Conductividad térmica:​ Todos los aceros inoxidables no son tan buenos para conducir el calor como el cobre, aunque algunos son mejores que otros. Por ejemplo, a 400 grados, el 304 tiene una conductividad térmica de aproximadamente 16,2 W/m·K. 321 tiene un poco menos, mientras que el 310S tiene incluso menos (aproximadamente 13-14 W/m·K). Una conductividad menor puede hacer que la diferencia de temperatura a través de la pared de la funda sea mayor, lo que significa que el elemento interno tiene que trabajar más para mantener la misma temperatura superficial. Para evitar el sobrecalentamiento en el interior, esto debe tenerse en cuenta al calcular la densidad de vatios.

Coeficiente de expansión térmica (CTE):​ como mencionamos antes cuando hablamos de tensión mecánica, la falta de coincidencia de CTE entre la funda del calentador y el material anfitrión (como un molde de aluminio o una placa de acero) es bastante importante.. 310S tiene un CTE que se parece más al de muchos aceros para herramientas que el 304/321. Esto puede ayudar a minimizar el estrés térmico en algunos conjuntos combinados.

Resistencia a altas temperaturas-: el rendimiento y la resistencia a la tracción de la aleación a la temperatura a la que se utilizará determinan qué tan bien puede resistir el hundimiento, la flexión o el daño causado por la tensión mecánica durante la instalación.
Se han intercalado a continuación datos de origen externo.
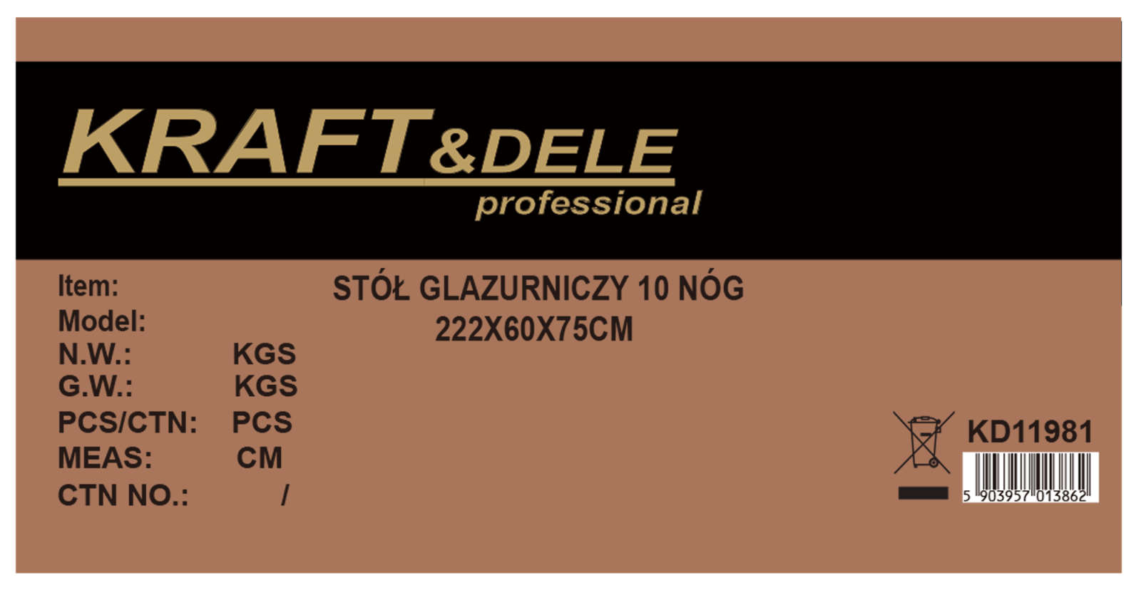 MASĂ DE FACET KD11981 222×60×75CM Masa de faianță KRAFT&DELE KD11981 este o masă profesională, excepțional de robustă, pentru lucrări de faianță. Suprafața sa mare de lucru de 222 x 60 cm și înălțimea de 75 cm asigură confort, stabilitate și libertate atunci când se lucrează cu plăci mari. Structura mesei este fabricată din aluminiu și plastic durabil , asigurând ușurință și durabilitate excepțională. Masa este echipată cu 10 picioare stabile , care permit utilizarea în siguranță chiar și sub sarcini mari. Cu o capacitate de încărcare de până la 1000 kg , KD11981 este perfectă pentru lucrul cu materiale grele. Un sistem de pliere rapid și ușor permite pregătirea convenabilă a spațiului de lucru, iar geanta de transport inclusă facilitează transportul și depozitarea mesei.

Las aleaciones como 310S e Incoloy 800 mantienen mejor su resistencia mecánica a altas temperaturas.

Ingeniería de Superficies Avanzada y Cooperación Interna
La ciencia de los materiales incluye tratamientos superficiales y la integración fluida de todas las piezas interiores:

Tratamientos superficiales y emisividad: la forma en que se termina la superficie de la funda afecta qué tan bien transfiere el calor a través de la radiación. Una funda pulida tiene baja emisividad, pero una superficie oxidada o con un revestimiento especial (como una con un revestimiento cerámico de alta-emisividad) puede mejorar en gran medida la transferencia de calor por radiación. Esto hace que los sistemas de calefacción radiante sean más eficientes y les permite funcionar a temperaturas más bajas para obtener la misma cantidad de calor.
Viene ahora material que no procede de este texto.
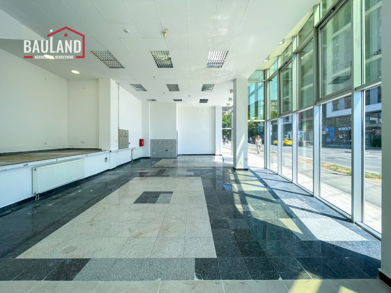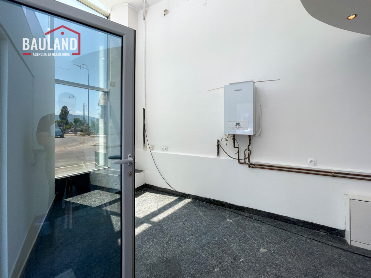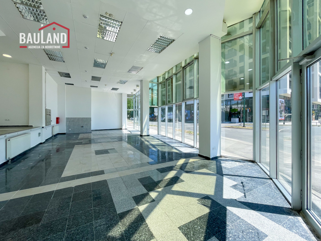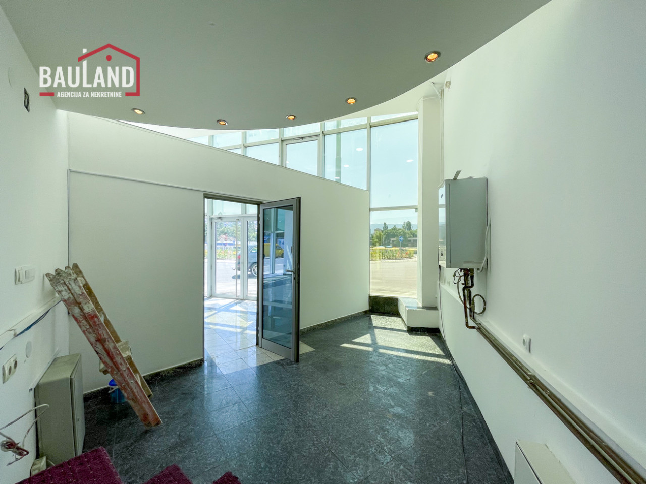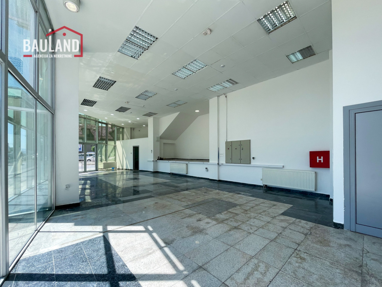 Prostor se nalazi u modernoj poslovnoj zgradi sa savremenom staklenom fasadom, pri čemu kompletna prednja strana – od poda do plafona – čini portal u punoj visini, što omogućava maksimalnu prirodnu osvijetljenost i snažan vizuelni utisak. Trenutno je u formi open-space koncepta, ali postoji mogućnost pregrađivanja i prilagodbe rasporeda prema potrebama zakupca, što dodatno povećava fleksibilnost korištenja.

Diseño de sistema integrado: la funda no puede funcionar por sí sola. Debe funcionar bien con el alambre de resistencia interno de níquel-cromo (por ejemplo, NiCr 80/20) o hierro-cromo-aluminio (FeCrAl), que fue elegido por su resistividad estable y resistencia a la oxidación. Para obtener la mejor rigidez dieléctrica y conductividad térmica, el aislamiento de óxido de magnesio (MgO) debe ser muy puro y estar bien empaquetado. Por último, los sellos herméticos hechos de vidrio-a-metal o cerámicas especiales-para altas temperaturas son muy importantes para evitar que entre humedad. Esta es la razón principal por la que los dispositivos fallan inmediatamente cuando se encienden en ambientes húmedos.

Conclusión: una estrategia de especificación integral-
La elección del material de funda adecuado es una elección estratégica que depende de un examen completo de la aplicación:

Perfil de Temperatura de Operación:​ Tenga en cuenta tanto la temperatura del proceso que desea que se produzca como la temperatura de la superficie de la vaina, que siempre es mayor.
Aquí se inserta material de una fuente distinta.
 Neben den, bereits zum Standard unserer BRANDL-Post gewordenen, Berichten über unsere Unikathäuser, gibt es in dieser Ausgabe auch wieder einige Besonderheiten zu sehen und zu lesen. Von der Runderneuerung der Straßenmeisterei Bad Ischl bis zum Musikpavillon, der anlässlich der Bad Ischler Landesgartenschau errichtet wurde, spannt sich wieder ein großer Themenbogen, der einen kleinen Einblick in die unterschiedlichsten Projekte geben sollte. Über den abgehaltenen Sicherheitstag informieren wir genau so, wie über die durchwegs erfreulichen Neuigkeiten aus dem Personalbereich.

Ambiente químico: Tener en cuenta la presencia de sales, ácidos, álcalis, cloruros, humedad o volátiles propios del proceso.

Ciclos térmicos y mecánicos:​ observe con qué frecuencia y qué tan malos son los ciclos de calentamiento y enfriamiento, que causan fatiga.

Interfaz física y térmica: piense en el CTE del material anfitrión y la cantidad de calor que necesita fluir a través de él.

No existe un "mejor" material. La mejor opción es la aleación que sea menos costosa y que pueda soportar de manera confiable todas las condiciones de servicio durante la vida útil indicada. Los ingenieros cambian la funda de un posible punto de falla a una garantía de rendimiento y longevidad al pasar de una especificación general de "acero inoxidable" a un grado de aleación específico. Por ejemplo, el 321 es bueno para andar en bicicleta a 400 grados, el 310S es bueno para altas temperaturas y el Incoloy es bueno para ambientes extremos. Para ejecutar procesos térmicos cruciales sin defectos, este enfoque centrado en el material-es esencial.